Since we are powerless to cut short an attack of measles by any remedial agents at present known to therapeutics, the intervention of the physician is limited to assisting the cases through to a safe termination. Quite a number of cases, as seen in private practice, require no special medicinal treatment, or at most one that is merely symptomatic. The value of the so-called specific treatment, such as by carbonate of ammonium, etc., has not been verified by experience.

In ordinary uncomplicated attacks, if the temperature should run high, in addition to the general rules as to diet and hygiene referred to before it will usually be found advisable to put the patient on some diaphoretic mixture, to which may be added a mild opiate. I know of nothing better than the formula found in the work of Meigs and Pepper on the Diseases of Children:

Rx.Potass. Citrat.drachm i;
Spt. Ætheris Nit.fl. drachm ii;
Tr. Opii Deodorat.minim xii vel xxiv;
Syrupifl. drachm ii;
Aquæfl. oz. ii. M.

S. A teaspoonful every two or three hours for a child of five years of age.

Aconite in small doses has been well spoken of in this connection, but I have no personal experience in its use. Bromide of potassium, together with a few drops of syrup of ipecac., dissolved in syrup of wild cherry, acts pleasantly both on the cough and the nervous system.

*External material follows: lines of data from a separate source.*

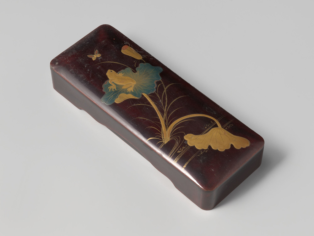 Bruingelakte doos met een kikker
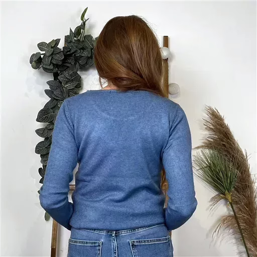 Y251- Pull Laine Cachemire « Tricotonic » (T36-T40) (bleu indigo)
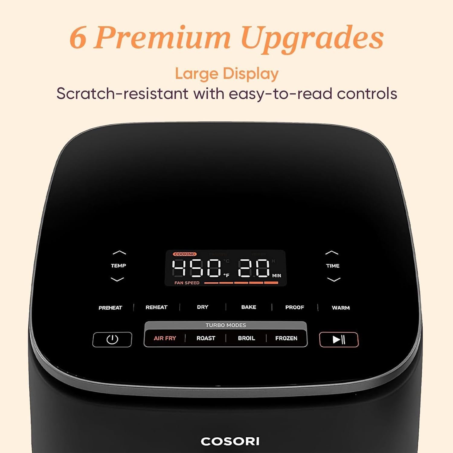 The COSORI TurboBlaze 6.0-Quart Air Fryer delivers faster, healthier cooking with its powerful TurboBlaze™ motor and 5-speed airflow system. Featuring a premium ceramic-coated basket, wide 90°F–450°F temperature range, and 9-in-1 versatility, it cooks crispy, golden meals with up to 95% less oil. Quiet, efficient, and easy to clean — experience smarter, guilt-free cooking today with the TurboBlaze Air Fryer.
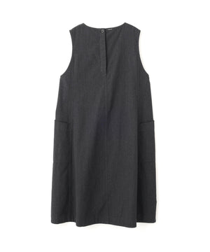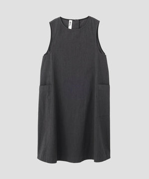 パネル切り替えで構成したドレスは、身幅から裾にかけて広がる分量感と、大きな腰ポケットや後ろのボタンフライがアクセント。ノースリーブに広めのアームホールを組み合わせ、インナーを重ねることで着こなしが楽しめる仕上がり。

The inunction of fatty substances, as originally proposed by Schonemann, and recently urged by Milton,43 is an excellent routine practice, and in addition to adding very much to the patient's comfort, has, perhaps, the merit of lessening somewhat the danger of infection to others. For this purpose one may use leaf lard, cold cream, or vaseline, to each ounce of which it is well to add a few minims of carbolic acid.

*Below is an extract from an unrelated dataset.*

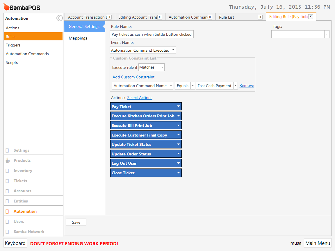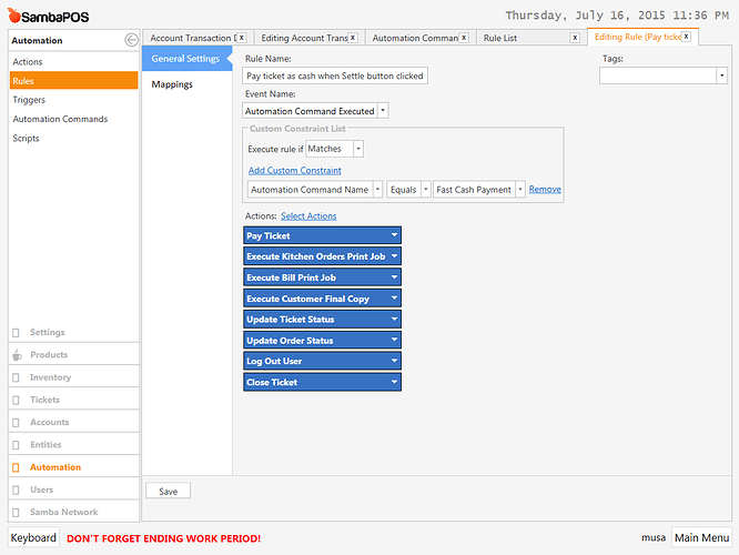 Ideally you’ll only have Pay Ticket, Print Customer Ticket & Close Ticket actions here.

43 Archives of Dermatology.

Stimulants are rarely needed in uncomplicated measles, but Squire very wisely calls attention to the great value of wine in the depression following upon the crisis.

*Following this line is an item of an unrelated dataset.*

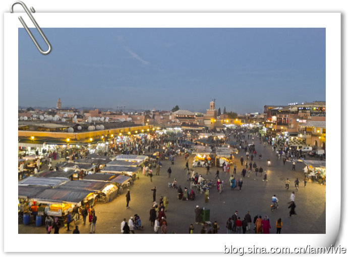 和Lin汇合后,就一起大广场觅食。Djemaa el Fna广场是非洲最繁华的广场!晚上卖吃的都出来了,白天各种耍猴的,斗蛇的,卖艺的好不热闹。就是别轻易拍照,游客被坑钱是常有的事儿,害我们都没有拍到什么杂耍照片。

In spite of some excellent authority to the contrary, I cannot see that any benefit is to be derived from using severe measures to bring out an eruption that has undergone retrocession. As stated in another part of this article, the so-called striking-in of the rash is the result of the supervention of some complication, and not the cause of it; therefore, a rational course of action would be to ascertain the nature of the complicating trouble, and to endeavor to correct it, which, at the same time, would be the very best means of restoring the normal course of the disease.